■ Task inputs:
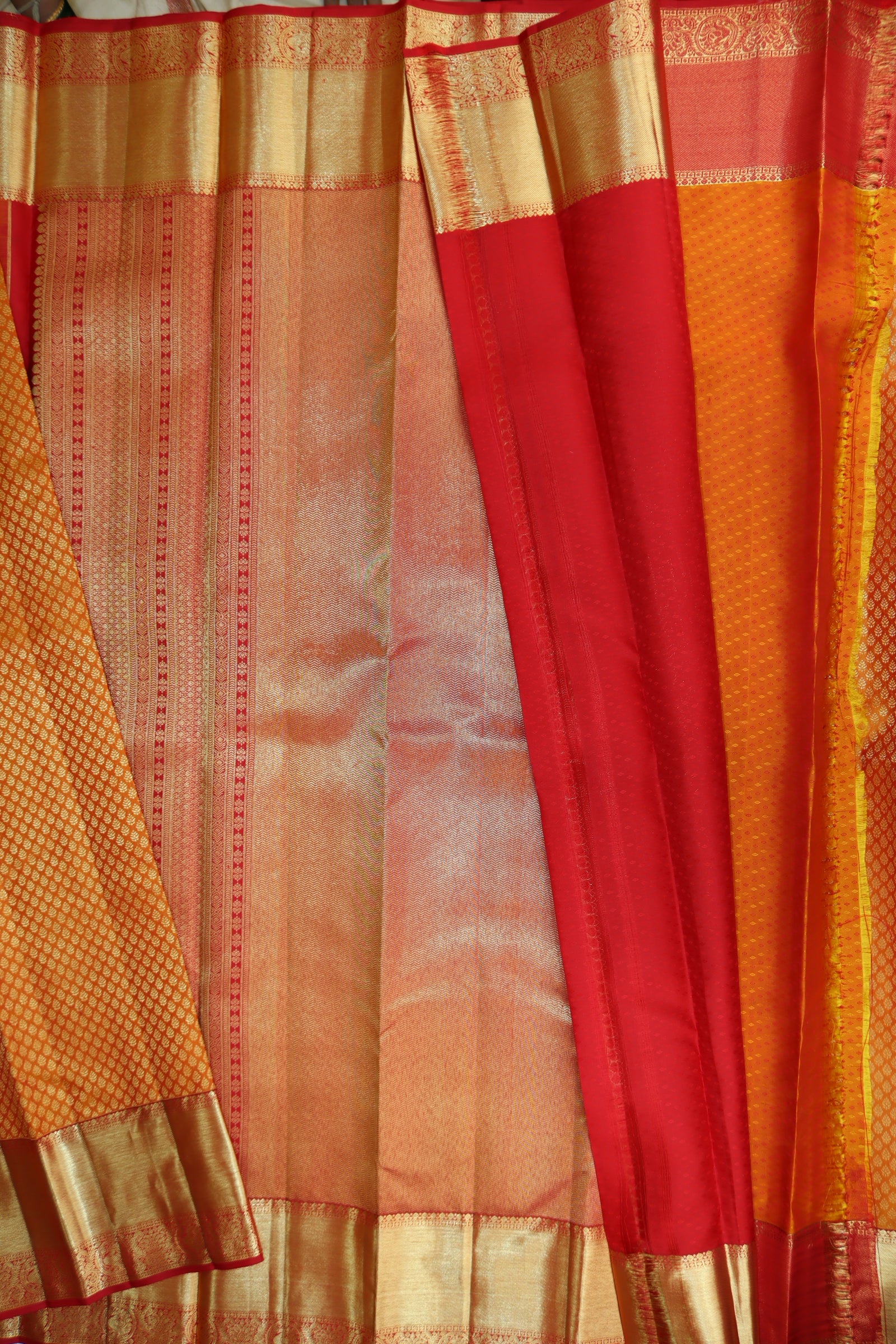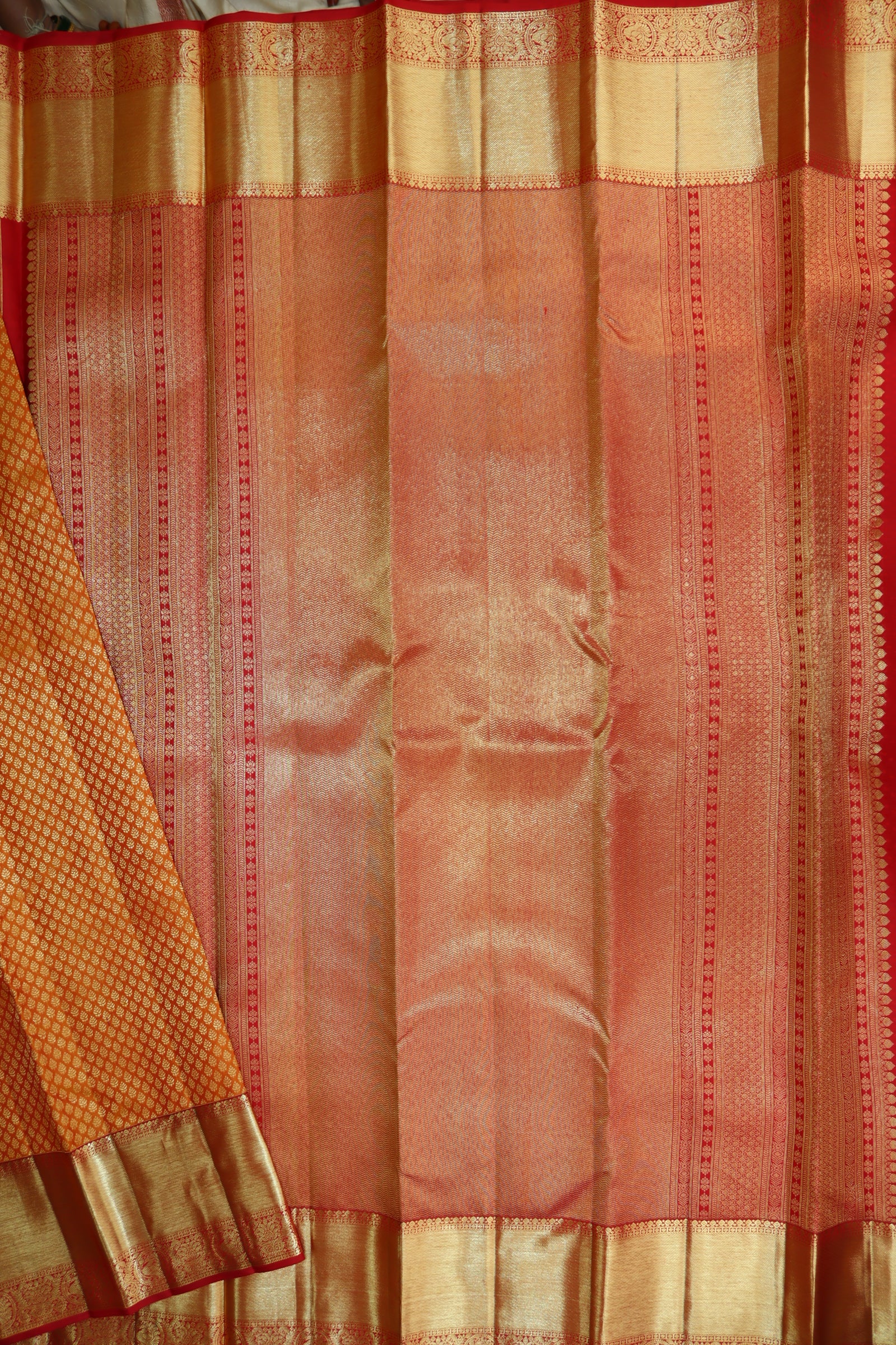 Enhance your fashion with our Gorgeous Orange Kanjipuram Saree. Made with high-quality materials, it seamlessly blends elegance and convenience. Its lightweight design and luxurious texture make it perfect for any occasion. Includes a blouse for versatility. Place your order now and elevate your style game.
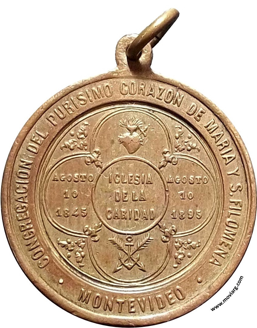 Anverso: FUNDADOR EL R. P. FRANCISCO RAMON CABRÉ DE LA COMPAÑIA DE JESUS. Firma: ORZALI B. Y C. Reverso: CONGREGACION DEL PURISIMO CORAZON DE MARIA Y S. FILOMENA / MONTEVIDEO / AGOSTO / 10 / 1845 / IGLESIA / DE LA / CARIDAD / AGOSTO / 10 / 1895 Referencia: | |
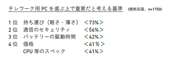 また、テレワーク用PCを選ぶ基準として、価格以上に軽さや薄さなど持ち運びやすさ、セキュリティ、バッテリの駆動時間などを重視していることが分かった。目先の在宅勤務だけでなく、長期的なニーズも踏まえてフレキシブルに勤務できる機能や性能に高い関心を寄せているという。
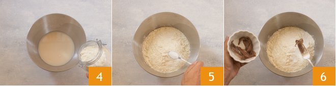 Transfer everything into the mixer bowl. Then add the flour 4, salt 5, and anchovy fillets, or anchovies, drained from the oil 6.
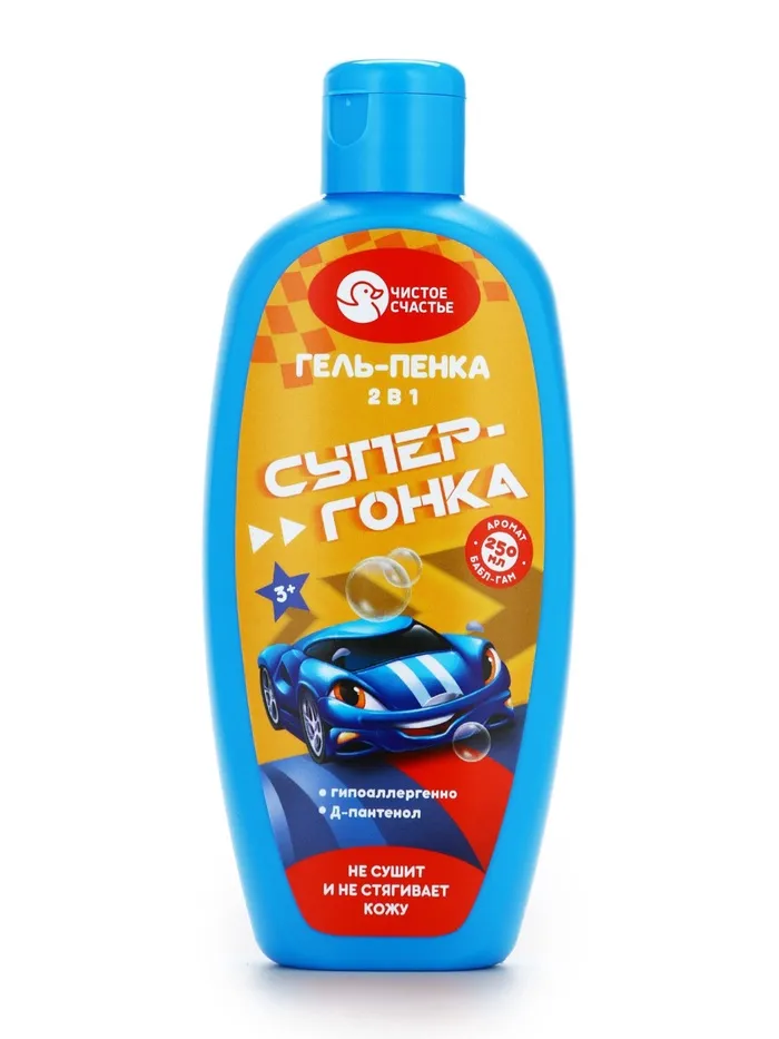 Гель-пена для мальчиков Супер-гонка, аромат бабл-гам, 250 мл, Чистое счастье
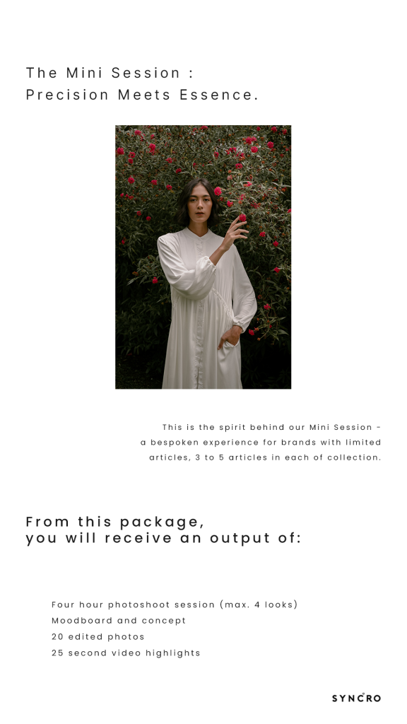 At Syncro, we understand that sometimes, a whisper can speak louder than a shout. This is the spirit behind our Mini Session – a bespoken experience for brands with limited articles, 3 to 5 articles in each of collection.
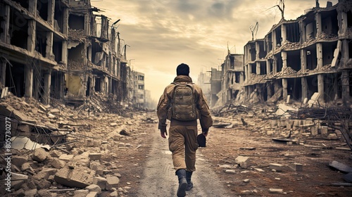 Infantryman during a special operation in bombed city. Cleansing of a captured city.
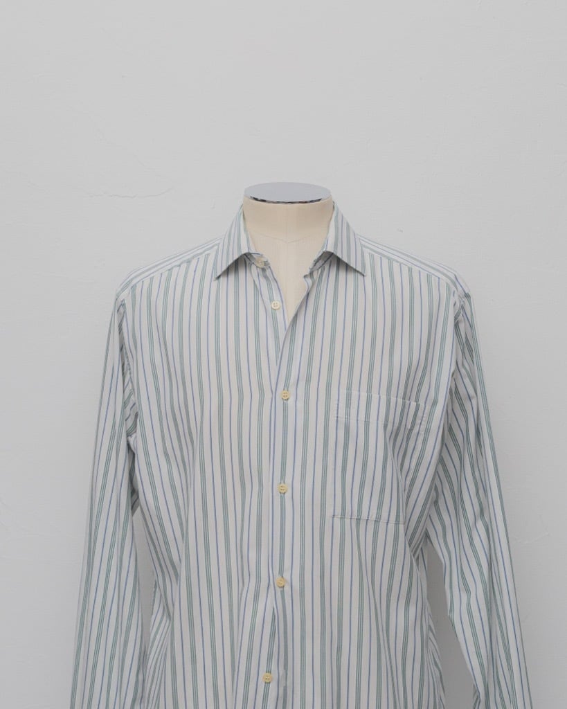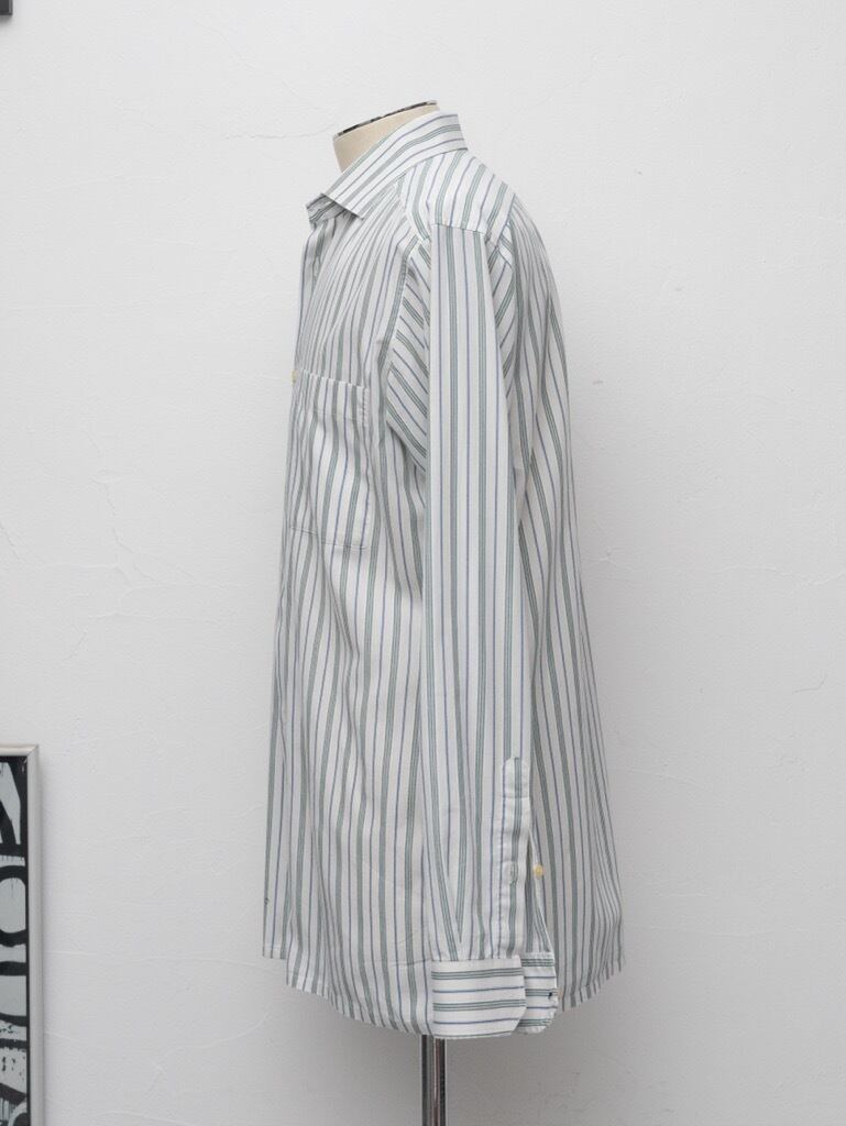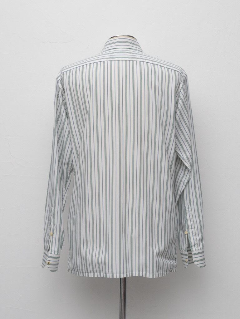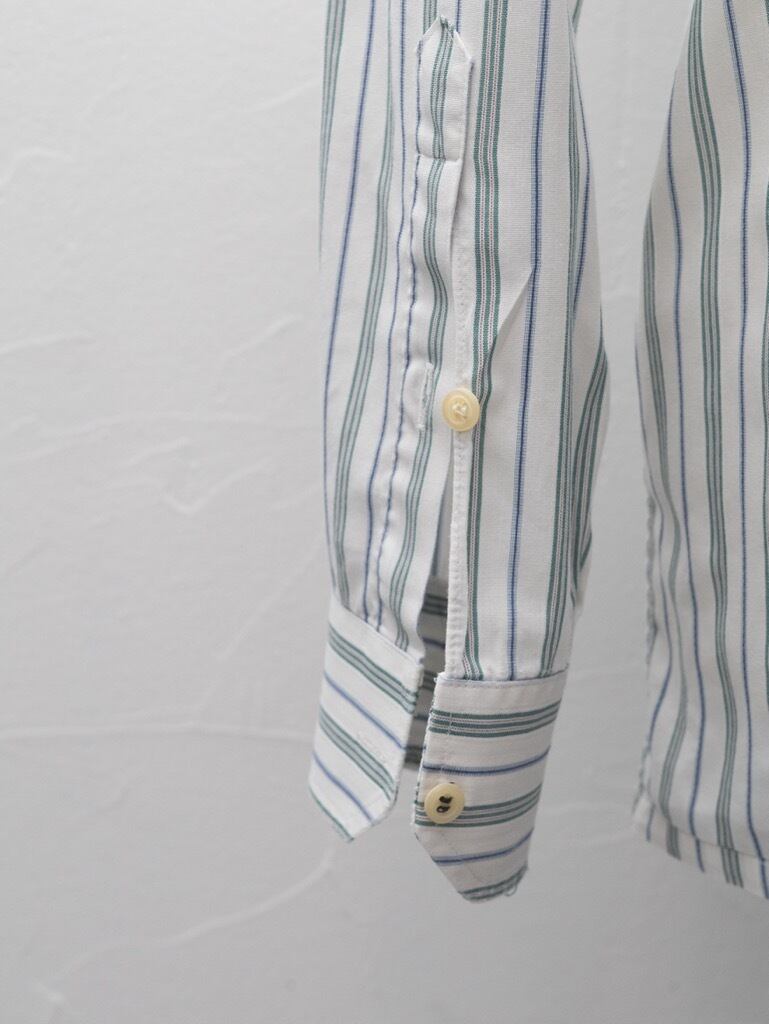 グリーンストライプに襟はややワイドでラフに着ても、タイアップどちらもおすすめです。
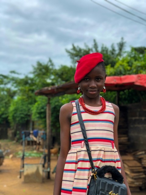 a person wearing a red hat and a striped shirt
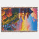 Um templo japonês situado em um morro, que fornece uma visão pitoresca da cidade e das montanhas durante o pôr do sol.
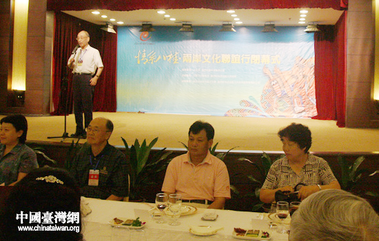 臺灣嘉賓參訪團團長張京育在致詞時表示,這次情系八桂兩岸文化聯誼行活動,是一次成功的文化交流之旅,臺灣嘉賓們領略了廣西的山水人情、歷史文化。他說,每個人都有三個血緣:一是生命的血緣,由父母所給,向子女遺傳;二是自然的血緣,即我們從大自然中獲得維持生命所需要的物質,第三個是精神文化方面的血緣,這是人類所獨有,也是最重要的血緣,并將代代相傳。這次所有臺灣嘉賓一行,領略到了大陸對中華文化的保存與發揚。他表示,希望“情系”系列兩岸文化交流活動,能一直延續下去,綿延不絕。
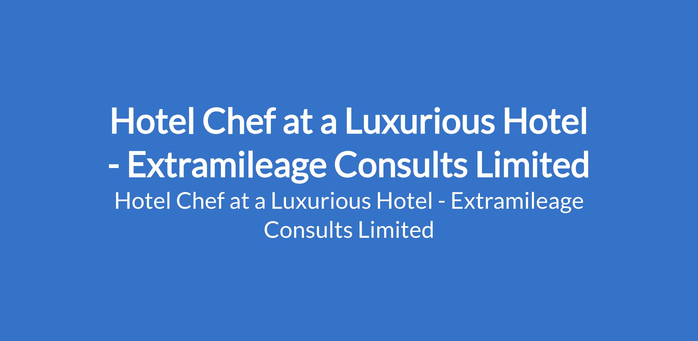 Extramileage Consults Limited - Our client, a luxurious Hotel is recruiting to fill the position of: Hotel Chef. The position is located in Ojodu-Berger, Lagos State. Salary: N200,000 monthly. Interested candidates should possess relevant qualifications.
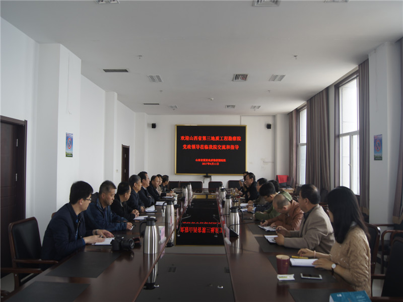 4月11日上午,山西省第三地质工程勘察院院长张爱国同志、书记王朝峰同志一行8人,赴我院进行交流指导。院班子成员及相关科室负责人参加了此次会议。
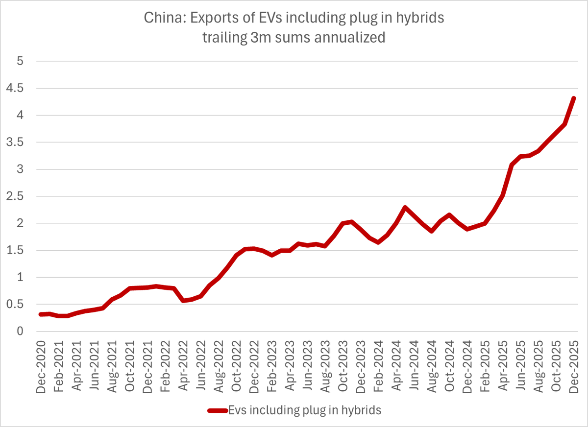 As an aside the pace of China's (N)EV exports doubled over the course of 2025 -- huge, huge growth ... China is still a source of global supply there, not a source of global demand

■ Work request:
Everything from the line holding "Infantryman during a" through the last line of the listing should be written out exactly, except for the pictures.

■ Expected answer:
 Infantryman during a special operation in bombed city. Cleansing of a captured city.
 グリーンストライプに襟はややワイドでラフに着ても、タイアップどちらもおすすめです。
 a person wearing a red hat and a striped shirt
 Um templo japonês situado em um morro, que fornece uma visão pitoresca da cidade e das montanhas durante o pôr do sol.
 臺灣嘉賓參訪團團長張京育在致詞時表示,這次情系八桂兩岸文化聯誼行活動,是一次成功的文化交流之旅,臺灣嘉賓們領略了廣西的山水人情、歷史文化。他說,每個人都有三個血緣:一是生命的血緣,由父母所給,向子女遺傳;二是自然的血緣,即我們從大自然中獲得維持生命所需要的物質,第三個是精神文化方面的血緣,這是人類所獨有,也是最重要的血緣,并將代代相傳。這次所有臺灣嘉賓一行,領略到了大陸對中華文化的保存與發揚。他表示,希望“情系”系列兩岸文化交流活動,能一直延續下去,綿延不絕。
 Extramileage Consults Limited - Our client, a luxurious Hotel is recruiting to fill the position of: Hotel Chef. The position is located in Ojodu-Berger, Lagos State. Salary: N200,000 monthly. Interested candidates should possess relevant qualifications.
 4月11日上午,山西省第三地质工程勘察院院长张爱国同志、书记王朝峰同志一行8人,赴我院进行交流指导。院班子成员及相关科室负责人参加了此次会议。
 As an aside the pace of China's (N)EV exports doubled over the course of 2025 -- huge, huge growth ... China is still a source of global supply there, not a source of global demand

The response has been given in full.